MNA for Bellechasse
- In office April 25, 2007 – November 5, 2008
- Preceded by: Dominique Vien
- Succeeded by: Dominique Vien

Personal details
- Born: September 26, 1962 (age 63) Montreal, Quebec, Canada
- Party: Conservative Party of Quebec
- Other political affiliations: Coalition Avenir Québec (2011–2022) Action démocratique du Québec (2003–2011)
- Profession: Youth educator

= Jean Domingue =

Canadian politician (born 1962)

Jean Domingue (born September 26, 1962) is a politician from Quebec, Canada.
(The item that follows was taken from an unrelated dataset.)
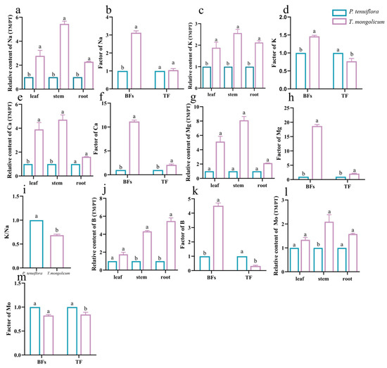 Relative abundances of significantly different elements in T. mongolicum. (a,c,e,g,j,l) Relative contents of (a) Na; (c) K; (e) Ca; (g) Mg; (j) B; and (l) Mo in T. mongolicum compared to their contents in P. tenuiflora. The contents of elements in P. tenuiflora are normalized to 1. (b,d,f,h,k,m) Factors of (b) Na; (d) K; (f) Ca; (h) Mg; (k) B; and (m) Mo in T. mongolicum compared to factors in P. tenuiflora. The factors of elements in P. tenuiflora are normalized to 1. (i) The ratio of Na and K. Element contents and factors are summarized from 3 biological replicates and presented as mean ± SEM. Different letters indicate significant differences between groups (p-value < 0.05).

He was an Action démocratique du Québec (ADQ) Member of the National Assembly for the electoral district of Bellechasse from 2007 to 2008.

Domingue was born in Montreal, Quebec. He joined the ADQ in 2003.

Domingue was first elected in the 2007 election with 49% of the vote. Liberal incumbent Dominique Vien finished second with 34% of the vote. Domingue took office on April 12, 2007.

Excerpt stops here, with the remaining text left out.